İnsan nasıl olur da, Kuran’ın güvenilirliğini sorgulayabilir diye, inanamayarak, ‘Kuran hatalı mı?’ diye soruyorsunuz. Hayır, söylediğim bu değil. Benim açıklamam, imanınıza bir saldırı değil. Sadece mantıkta bulunan ve dünya çağında hukuk mahkemelerinde saygı duyulan sağlam bir ilkeye işaret ediyorum.
Pek çok Müslüman, Kuran’ın Kutsal Kitap’ı yargıladığını ve İslam’ın kanıtlama sorumluluğuna sahip olmadığını söyleyerek ‘tarihsel emsal’ ilkesini çiğner. Gerçek şu ki Kuran kanıtlama sorumluluğuna sahiptir ve değerlendirilmesi gerekir.
Beni Yanlış Anlamayın!
Söylediklerimi yanlış anlamayın. İslam’ın dünyadaki büyük dinlerden biri olmadığını mı söylüyor? Hayır, böyle bir şey söylemiyorum! İslam uygarlığının bilim ve sanat alanlarında insanlığa katkılarıyla dünyayı zenginleştirmediğini mi söylüyorum? Nasıl böyle bir şey söyleyebilirim? İnsan nasıl olur da, kimya, zooloji, botanik, matematik, astronomi, coğrafya, sözlük yapımı, felsefe, fizik, tıp, müzik hukuk ve şiir - bunlar sadece birkaç tanesi- alanlarında insanlığı bu derece bereketlemiş bir uygarlığı yok sayabilir?
Keşke yüzlerce yıl öncesinde var olan Bağdat gibi bir Bağdat olabilseydi. Saraylar, kütüphaneler ve okullarla dolu bir Bağdat. Bir zamanlar üniversiteleri ve hastaneleri dünyadaki en ileri olan Bağdat.
Kanıtlama Sorumluluğu
Ne diyorum? Hem mantıken hem de yasa uygulamaları açısından ‘tarihsel emsal’, kanıtlama sorumluluğunun yeni bir şey ortaya koyan kişide olduğuna işaret eder. Hâlihazırda kurulmuş olan yetki, yeni yetki iddialarını yargılar. İslam’ın Hıristiyanlıktan üstün olduğunu geçerli savlar ve dikkatli bir şekilde araştırılmış malzemelerle iddialarınızı destekleyebilirseniz kaygılanacak bir şey yoktur.
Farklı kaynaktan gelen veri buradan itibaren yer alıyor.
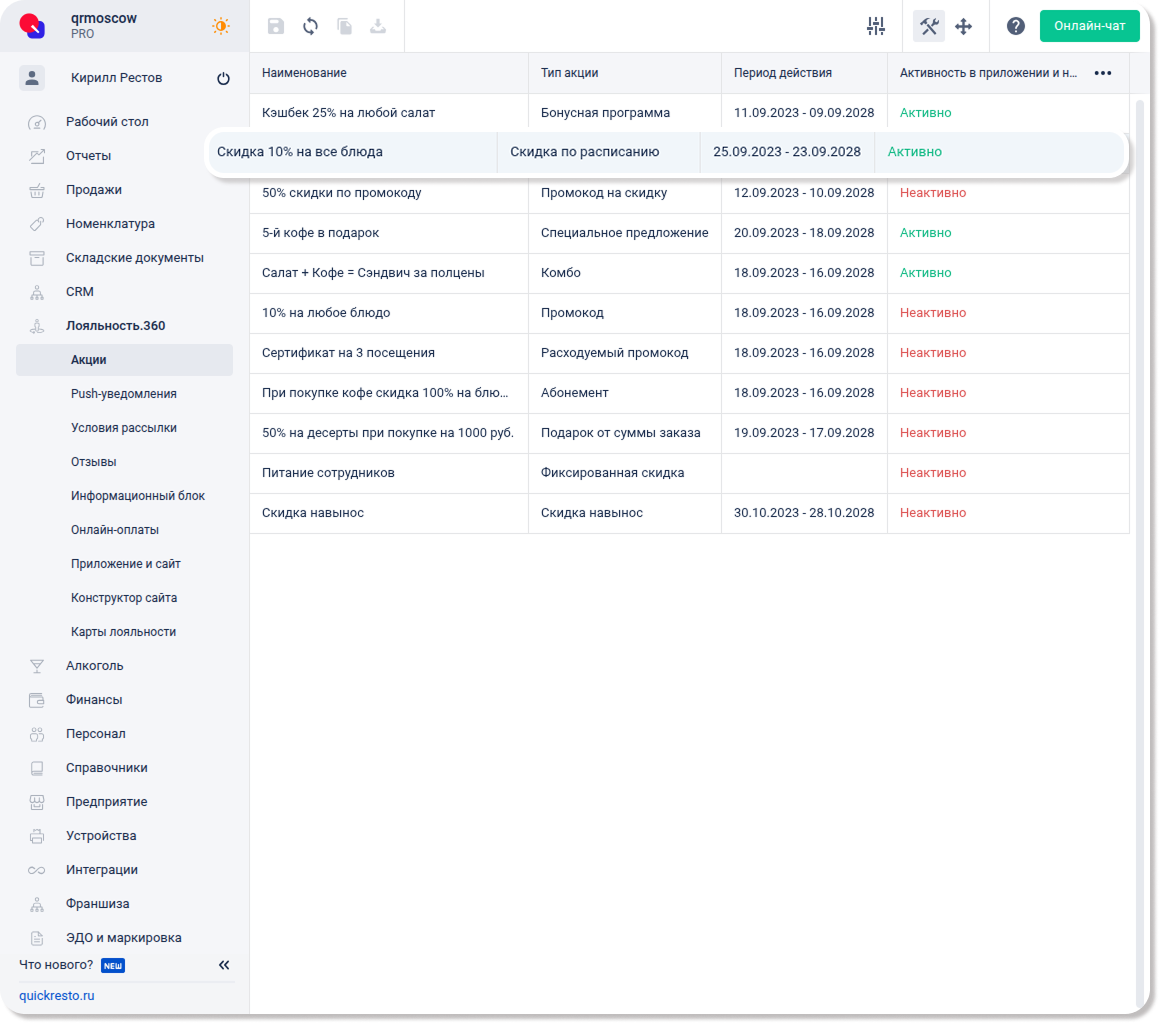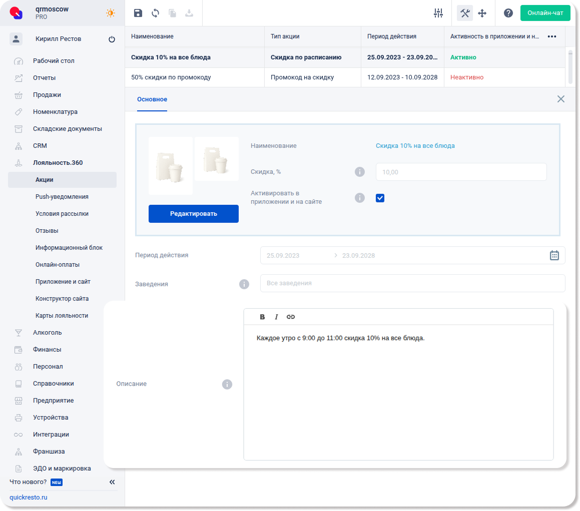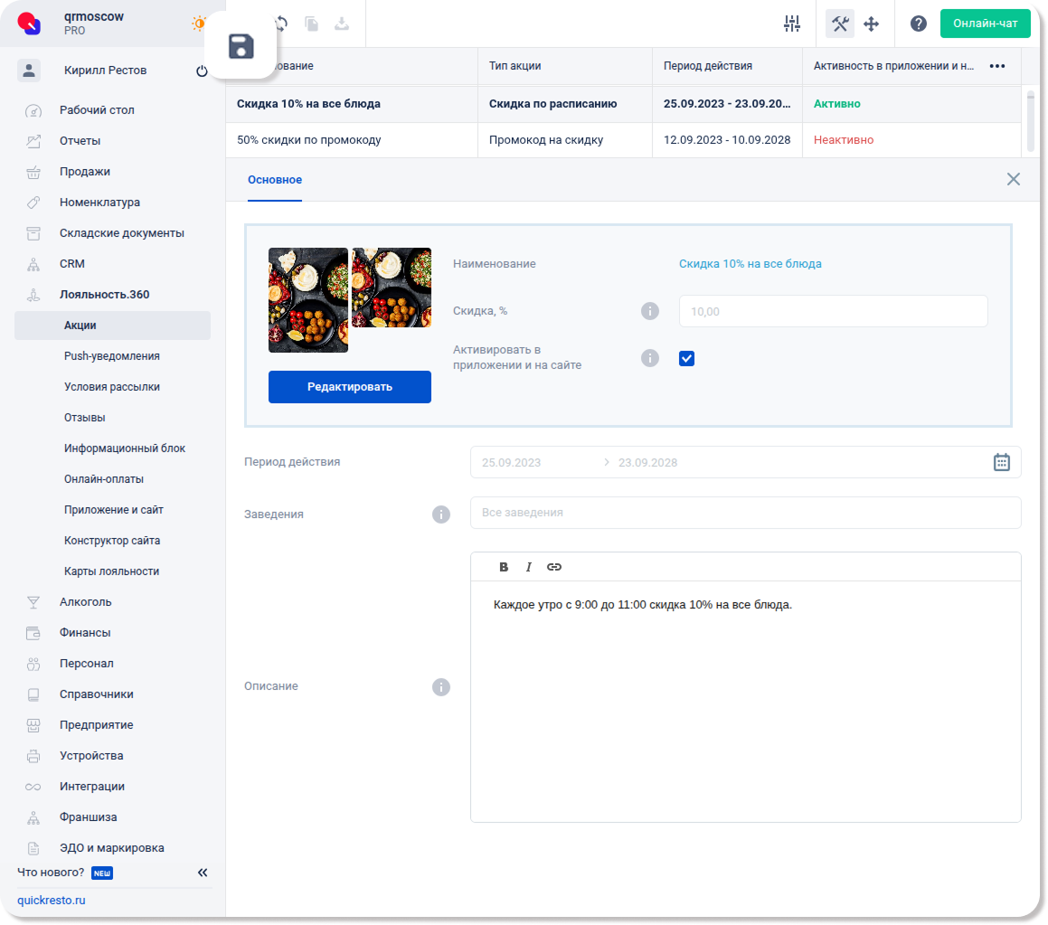 Для этого создайте скидку в разделе CRM, затем перейдите в раздел Лояльность.360 — Акции и выполните следующие действия:

İnançlarınız konusunda içten misiniz? İçtenliğiniz konusunda kuşkum yok. Ama büyük olasılıkla, yargıç önünde birini savunduğunuz zaman kaçınmanız gereken mantıksal hataların farkında değilsiniz çünkü hukuk dersleri almadınız. Aynı şey herhangi birini ya da bir şeyi savunduğunuz zaman da geçerlidir. Eğer hukuk fakültesinin son ya da sondan bir önceki yılında öğrenci olsaydınız alacağınız derslerden biri mantık yürütme ve yorumlamayla ilgili olacaktır. Bugün bizim web sitemizi hukuk fakültenizin internet erişimi sağlayan kütüphanesinden ulaşmama ihtimaliniz yüksek olduğu için kanıt sunmadan İsa’nın ölümünü inkâr etmenizin kabul edilemez olduğunu büyük olasılıkla bilmiyorsunuz. Ayrıca, bu iddiayı desteklemek için Kuran’dan bir ayet veremezsiniz. Birkaç satır sonra bunun nedenini göreceksiniz. Hukuk fakültesinde çalışmalarınızın yarısını tamamlamış olsanız, ister Londra’da, ister Ankara’da olun bunun nedenini çok iyi bilirdiniz.